### Supplied material
- - - - - - -
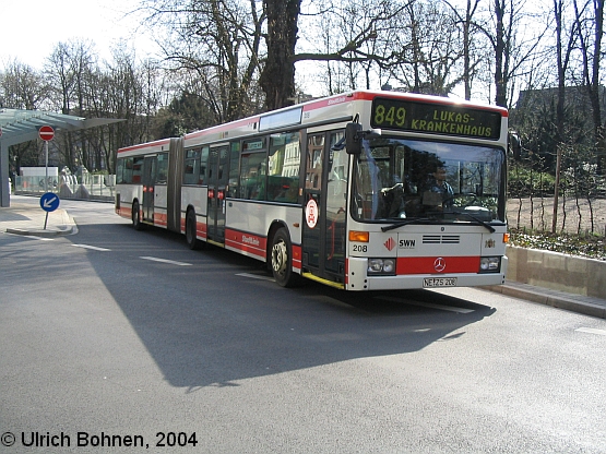 Dies ist das Vorgängermodell der aktuellen Citaro-Baureihe von Mercedes: Der SWN-Wagen 208, ein Mercedes O 405 GN mit einem Aufkleber in Sachen Einstieg vorn ("Hier geht's los") auf der 1. Türe, verlässt ebenfalls die Neusser Haltestelle Zolltor.
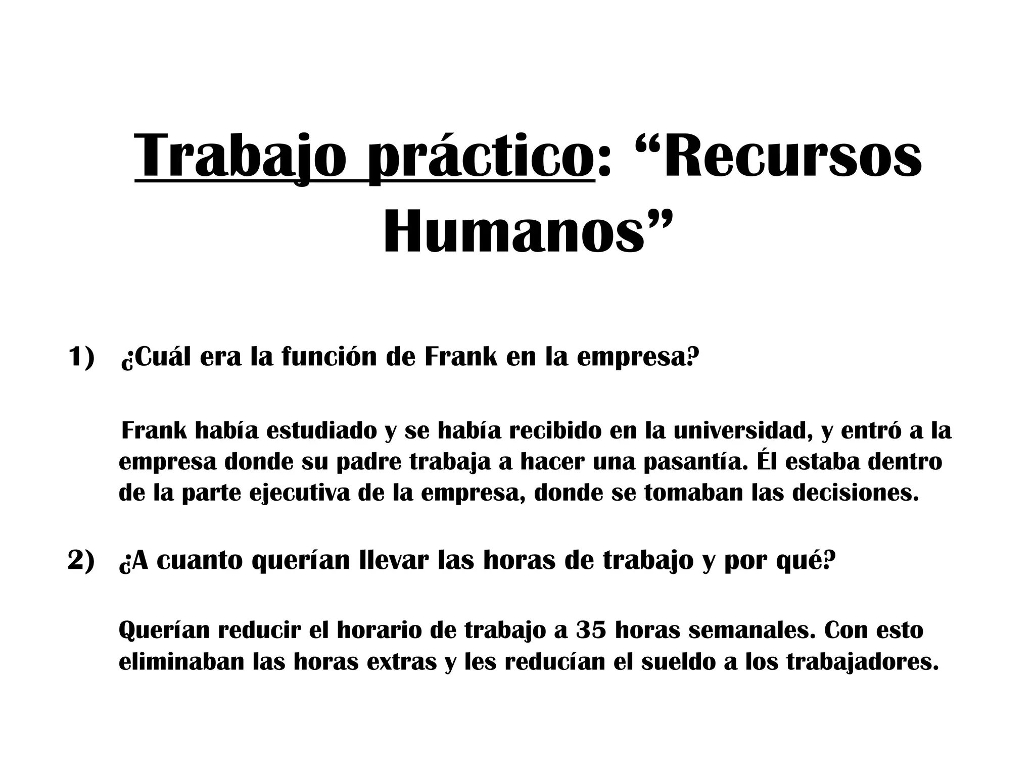 Frank trabajaba en la parte ejecutiva de una empresa donde su padre era obrero. La empresa quería reducir las horas de trabajo semanales de los empleados para eliminar las horas extras y reducir sus salarios, a lo que se oponían los sindicatos y obreros porque perderían ingresos. Frank realizó una encuesta entre los trabajadores para conocer su opinión sobre la medida. Frank y su padre tenían una relación complicada, ya que su padre quería que Frank lograra más de lo que él había podido como obrero.
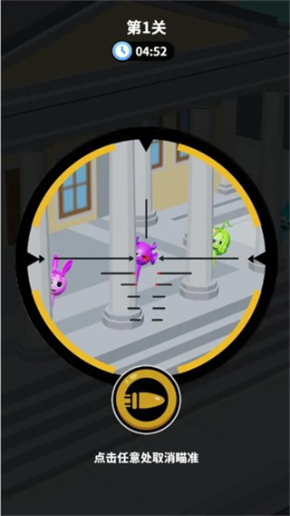 采用观察-瞄准-射击的简单操作逻辑,点击屏幕即可切换狙击视角,滑动调整准星,无需复杂的操作技巧,新手玩家也能快速上手开启挑战。
- - - - - - -
### Your instructions
Your answer should copy the listing word for word, with no pictures in it.

### Solved problem
 Dies ist das Vorgängermodell der aktuellen Citaro-Baureihe von Mercedes: Der SWN-Wagen 208, ein Mercedes O 405 GN mit einem Aufkleber in Sachen Einstieg vorn ("Hier geht's los") auf der 1. Türe, verlässt ebenfalls die Neusser Haltestelle Zolltor.
 Frank trabajaba en la parte ejecutiva de una empresa donde su padre era obrero. La empresa quería reducir las horas de trabajo semanales de los empleados para eliminar las horas extras y reducir sus salarios, a lo que se oponían los sindicatos y obreros porque perderían ingresos. Frank realizó una encuesta entre los trabajadores para conocer su opinión sobre la medida. Frank y su padre tenían una relación complicada, ya que su padre quería que Frank lograra más de lo que él había podido como obrero.
 采用观察-瞄准-射击的简单操作逻辑,点击屏幕即可切换狙击视角,滑动调整准星,无需复杂的操作技巧,新手玩家也能快速上手开启挑战。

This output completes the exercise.